------ Exercise input

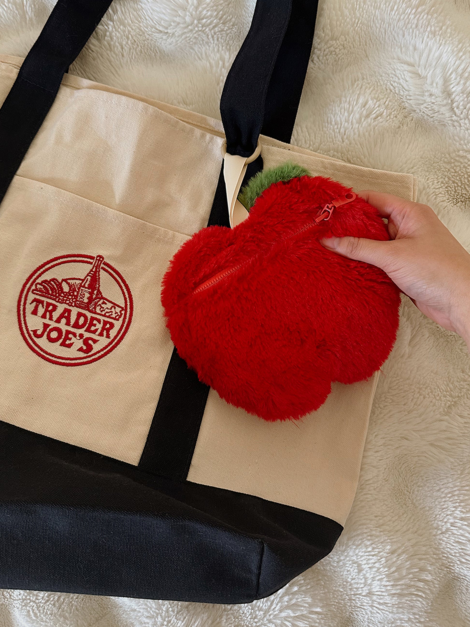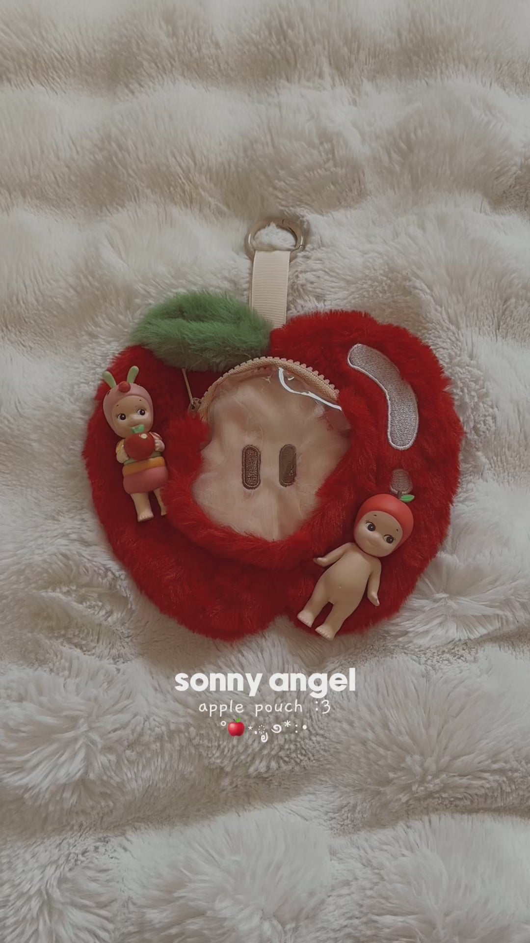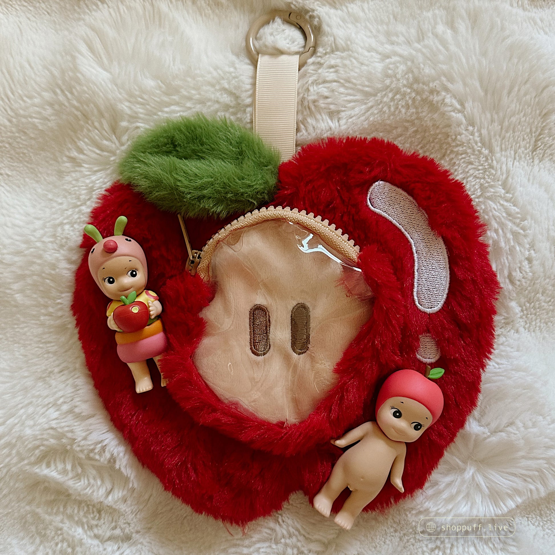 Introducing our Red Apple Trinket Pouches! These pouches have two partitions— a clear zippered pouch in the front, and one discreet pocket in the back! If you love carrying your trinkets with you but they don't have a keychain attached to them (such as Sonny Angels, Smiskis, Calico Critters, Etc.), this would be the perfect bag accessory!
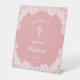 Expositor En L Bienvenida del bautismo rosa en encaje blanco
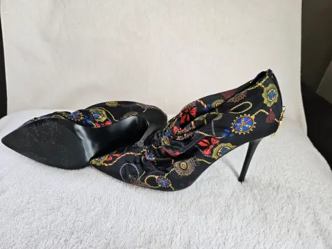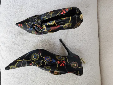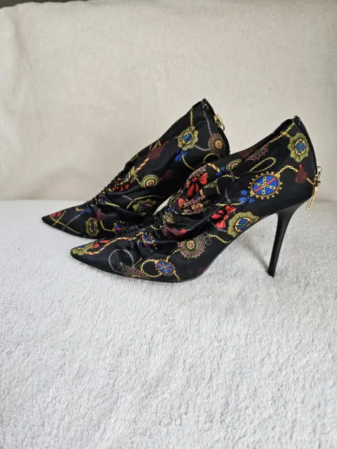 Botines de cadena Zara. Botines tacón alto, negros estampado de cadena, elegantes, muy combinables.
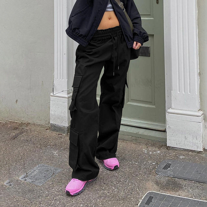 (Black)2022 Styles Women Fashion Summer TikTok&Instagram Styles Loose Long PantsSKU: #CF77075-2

------------
------ Exercise input

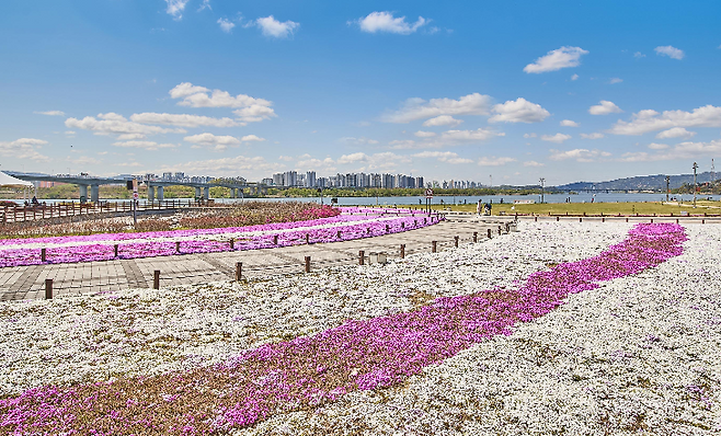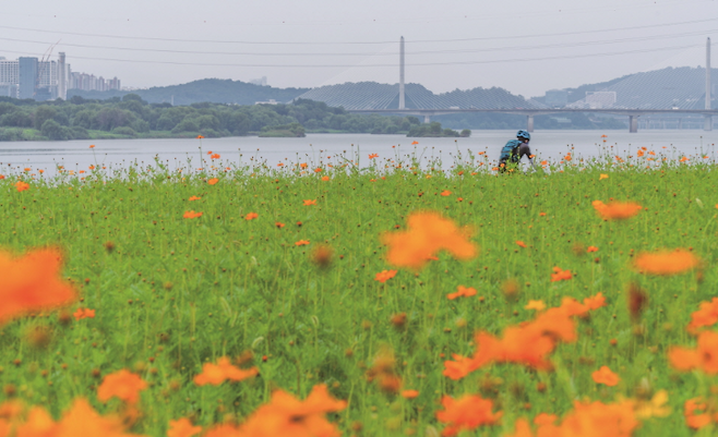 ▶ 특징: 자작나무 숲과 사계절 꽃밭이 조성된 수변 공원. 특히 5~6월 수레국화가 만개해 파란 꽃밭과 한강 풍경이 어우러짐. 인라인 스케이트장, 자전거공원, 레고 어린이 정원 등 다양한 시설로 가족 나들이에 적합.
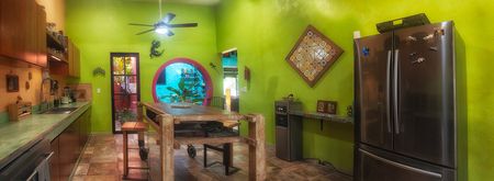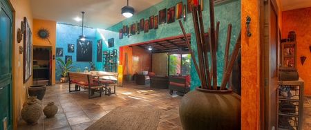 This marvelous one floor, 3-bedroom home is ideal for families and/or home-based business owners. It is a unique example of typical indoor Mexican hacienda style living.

------------

== To do ==
In the records above, find the line with "Introducing our Red". Print exactly from there through the line with "(Black)2022 Styles Women", minus the pictures.

== Final answer ==
 Introducing our Red Apple Trinket Pouches! These pouches have two partitions— a clear zippered pouch in the front, and one discreet pocket in the back! If you love carrying your trinkets with you but they don't have a keychain attached to them (such as Sonny Angels, Smiskis, Calico Critters, Etc.), this would be the perfect bag accessory!
 Expositor En L Bienvenida del bautismo rosa en encaje blanco
 Botines de cadena Zara. Botines tacón alto, negros estampado de cadena, elegantes, muy combinables.
 (Black)2022 Styles Women Fashion Summer TikTok&Instagram Styles Loose Long PantsSKU: #CF77075-2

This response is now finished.